Avatares de un thriller inesperado

El despertar de los demonios, novela publicada en 1968 por el escritor payanés Víctor Aragón, es reeditada por la colección Posteris Lvmen, del Sello Editorial de la Universidad del Cauca. Aquí, un fragmento del prólogo, donde se propone una relectura de esta obra que problematiza a una ciudad colonial.

A

Por: Francisco Javier Gómez Campillo

I

Tres razones explican por qué una novela como El despertar de los demonios pasó inadvertida entre los lectores y la crítica especializada.

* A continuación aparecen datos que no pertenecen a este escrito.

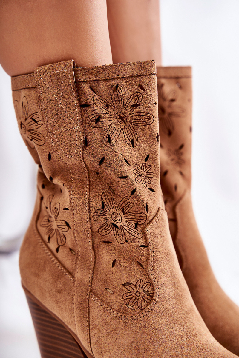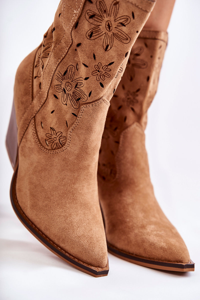 Модні замшеві ковбойські чоботи з квітами Camel Coralie

La primera: la novela no logró obtener el Premio Literario Esso al cual fue presentada en la convocatoria de 1967, premio ganado nada menos que por Héctor Rojas Herazo con la novela En noviembre llega el arzobispo. La segunda, que puede leerse como una consecuencia de la anterior: la «edición pobre e incómoda para el lector», como bien lo señala uno de los pocos reseñistas de la novela (Anzola Gómez), porque en efecto, los dos apretados tomos en pésimo papel de la Sociedad Editora de los Andes que sobrepasan cada uno las trescientas cincuenta páginas, no son aptos para la lectura. La tercera, más compleja en cuanto compromete la situación de la novela en una década decisiva para la literatura colombiana: El despertar de los demonios se publica en 1968, justo al año siguiente de Cien años de soledad, momento sin precedentes para la literatura en que los lectores y la crítica en general asisten deslumbrados a la definitiva revolución de la novela latinoamericana.

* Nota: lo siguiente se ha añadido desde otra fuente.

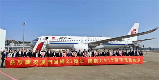 澳門行政長官代表運輸工務司司長羅立文、民航局局長潘華健,國務院國資委宣傳工作局副局長王瑩,南光(集團)有限公司總經理姜維亮、副總經理宋曉冬,澳門國際機場專營股份有限公司執委會主席陳穎雄、新濠博亞娛樂有限公司董事鍾玉文、澳門航空股份有限公司服務與商務副總經理張允、中國商用飛機有限責任公司營銷中心副總經理劉豔等嘉賓出席歡迎儀式,並迎接隨機而來的中國航空集團有限公司董事崔曉峰一行。

Podríamos suponer entonces que un galardón como el Premio Literario Esso, cuyo más ilustre ganador es Gabriel García Márquez, o, al menos, una presentable y correcta edición, hubiese sido suficiente para posibilitar una verdadera integración de la novela a los circuitos de lectura. Pero justo aquí es pertinente detenerse y advertir que El despertar de los demonios, sin ser ajena a la intención crítica propia de la novela moderna a partir de El Quijote, en definitiva no participa de la poderosa corriente de experimentalismo y renovación profunda de las formas de narrar, aspecto que junto a una innovación de los mismos contenidos, define la novela latinoamericana de los años sesenta y setenta, cuyo modelo se encuentra en William Faulkner principalmente y que, en general, se nutre de los hallazgos de la novela europea moderna de la primera mitad del siglo XX (Joyce, Proust, Kafka, Virginia Woolf, Hermann Broch, Robert Musil). Rayuela publicada en 1963 es, entre nosotros, el ejemplo prototípico de esta revolución que tiene sus primeros antecedentes a partir de la década de los veinte (José Eustasio Rivera, Ricardo Güiraldes, Roberto Arlt, Rómulo Gallegos), pero cuyo pleno comienzo puede situarse en la década del cincuenta con Juan Rulfo, Juan Carlos Onetti, Miguel Ángel Asturias, Alejo Carpentier y que culmina en José Lezama Lima, Carlos Fuentes, Mario Vargas Llosa, José Donoso, Augusto Roa Bastos, Ernesto Sábato, Manuel Puig, Juan José Saer y el propio García Márquez. Un arriesgado artículo, ilustrativo de la situación de desfase de la novela de Víctor Aragón, lleva por título «Cien años de soledad y El Despertar de los demonios». El autor, Jaime Sánchez Farrut, interesado en interceder por El despertar de los demonios a través de un ensayo comparativo con la novela que ocupa la cima del canon colombiano, arriesga demasiado al pretender confrontarlas; sin embargo, el artículo no carece de cierto valor al evidenciar la desventajosa posición de la novela de Víctor Aragón en el contexto de una década decisiva y deslumbrante para la novela latinoamericana.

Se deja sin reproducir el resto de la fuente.